Para encerrar,  chamamos a atenção para o fato de que a especulação imobiliária, a maior chaga do litoral, explodiu com violência em Santa Catarina e não é de hoje. A ocupação de Jurerê Internacional foi um escândalo desde seu início.

Ficou famosa a Operação Moeda Verde, em 2017, quando 16 pessoas foram condenadas pelo Juiz Marcelo Krás Borges, da Vara Federal Ambiental de Florianópolis. Ele condenou  16 pessoas e seis empresas acusadas na Operação que investigou crimes contra o meio ambiente e contra a administração pública.

Balneário Cambroiú, um dos efeitos da especulação é a desfiguração paisagística.

Na época, o Ministério Público Federal (MPF) afirmou que a empresa Habitasul pagava servidores públicos para que eles concedessem liberação de licenças ambientais para a construção de empreendimentos.

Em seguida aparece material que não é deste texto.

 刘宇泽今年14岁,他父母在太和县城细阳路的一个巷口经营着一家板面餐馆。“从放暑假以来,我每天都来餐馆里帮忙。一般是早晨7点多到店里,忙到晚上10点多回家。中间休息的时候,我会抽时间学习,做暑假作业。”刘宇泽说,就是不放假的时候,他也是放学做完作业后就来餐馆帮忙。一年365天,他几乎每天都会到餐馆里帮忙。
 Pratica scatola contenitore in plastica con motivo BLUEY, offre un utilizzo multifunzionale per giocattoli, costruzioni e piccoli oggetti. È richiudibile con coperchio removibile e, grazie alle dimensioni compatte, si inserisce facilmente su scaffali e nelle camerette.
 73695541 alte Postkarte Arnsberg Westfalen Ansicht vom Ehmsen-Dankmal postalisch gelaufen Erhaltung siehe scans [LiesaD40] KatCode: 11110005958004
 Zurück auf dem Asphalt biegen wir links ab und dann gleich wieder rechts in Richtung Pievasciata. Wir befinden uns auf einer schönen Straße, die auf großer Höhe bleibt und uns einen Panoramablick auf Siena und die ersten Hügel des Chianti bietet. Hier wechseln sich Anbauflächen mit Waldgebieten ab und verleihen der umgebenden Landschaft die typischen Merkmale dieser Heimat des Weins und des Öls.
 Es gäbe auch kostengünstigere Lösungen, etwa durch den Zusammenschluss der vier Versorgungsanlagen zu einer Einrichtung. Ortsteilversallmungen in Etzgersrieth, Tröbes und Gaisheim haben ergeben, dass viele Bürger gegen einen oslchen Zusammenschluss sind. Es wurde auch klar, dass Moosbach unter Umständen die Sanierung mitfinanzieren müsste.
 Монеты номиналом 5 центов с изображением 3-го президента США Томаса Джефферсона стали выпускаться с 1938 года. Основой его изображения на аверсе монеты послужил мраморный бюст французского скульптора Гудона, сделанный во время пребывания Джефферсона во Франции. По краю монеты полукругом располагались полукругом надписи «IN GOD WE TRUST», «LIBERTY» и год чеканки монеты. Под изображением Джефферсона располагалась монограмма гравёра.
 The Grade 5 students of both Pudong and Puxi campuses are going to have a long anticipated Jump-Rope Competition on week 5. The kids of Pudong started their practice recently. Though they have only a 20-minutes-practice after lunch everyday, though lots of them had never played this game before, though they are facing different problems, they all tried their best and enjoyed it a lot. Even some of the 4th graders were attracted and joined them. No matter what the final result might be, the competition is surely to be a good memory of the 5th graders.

Além deste caso emblemático, a especulação imobiliária desfigurou Balneário de Camboriú, e agora faz o mesmo em Balneário Perequê. Em outras palavras, parece estar liberada a construção de prédios tão altos que acabam com a insolação nas praias do Estado. A mesma tentativa foi feita em Itajaí.

Em nossa opinião, esta revisão do Plano Diretor de Florianópolis vai acabar com o que resta da Mata Atlântica, restingas, dunas, e manguezais do município. E, como dizem os autores do Manifesto, trata-se de um golpe orquestrado pelo setor imobiliário da cidade, em conluio com a maioria dos vereadores da CMF.

Não é possível que a Justiça deixe este descalabro seguir em frente.